Our friend the robin is the bird that arises the earliest. Depending upon where you live. If you're reading this near a South American rain forest, that would be a different bird for you. But here it's the robin. In many American places it's the robin. If you're up early, the beautiful song you hear is that of Mr. Redbreast.


I've always liked robins. The birds of the northeast are all my favorite birds. Robins, blue jays, cardinals, chickadees, gold finches. And the house sparrow, which was not a bird I saw very often in the more rural areas in which I grew up, despite how ubiquitous they are not so far away here in Boston.


Robins spend what has always struck me as an amusing amount of time on the ground for a bird. It's like they're defiant. "You think I can't walk across a lawn just because I can fly?" Then hop hop hop, across the lawn they go.
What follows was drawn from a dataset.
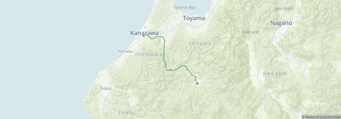 The travel distance between Kanazawa and Takayama is 120 km. The best option to travel from Kanazawa to Takayama is taking a bus.

If it is true that the early bird gets the worm--and I think it is--then the robin would be atop the leader board. I'll see many pretend writers stay up to all hours, get up late in the morning, like this is how it works if you're so creative, etc.


It's not how it works at all. Getting up and doing it is how it works. Don't let anyone fool you, because that's all they're attempting to do, in addition to fooling themselves.


The robin will start to sing shortly after three o'clock. We're told that three o'clock is this bad hour. The hour of hauntings and suicides. F. Scott Fitzgerald remarked that in the real dark night of the soul, it is always three AM.


I don't agree with these things, and neither does the robin. Are you seriously going to tell me that all of these robins have it wrong? I mean, if anyone should know, it's a robin, right? How bad can an hour of the clock be when a bird is singing its beautiful song at the start of its new day? The robin is telling us that here is another chance to start again, if that's what is best for us. To continue, if that's what is best for us. To try. To try more. To create. To build.


Fitzgerald would often go for a line the way a greeting card writer does. I'm not saying they're comparable beyond this one way, but Fitzgerald saw commercial appeal in the aphoristic. You could see him writing tag lines for movies or copy for commercials. I don't think his heart was necessarily in the statement about three in the morning, but he had to pick a time and he wanted one where just about everyone is asleep, and you can't say four, because that's when farmers get up, and being from the Midwest, Fitzgerald knew some things about them.


But I am usually up then. And robins are up then. Most mornings I hear them, and despite the situation I am in, this thing that is worse than hell, I take a little something from their song--and also, perhaps, from my own--that helps in leading me on.


The other birds come out later. I'm listening to sparrows right now. But the song of the robin is the one to most take to heart. The robin is on to something profound, so sing as the robin sings the robin must, and let us be thankful for the reminder and guidance.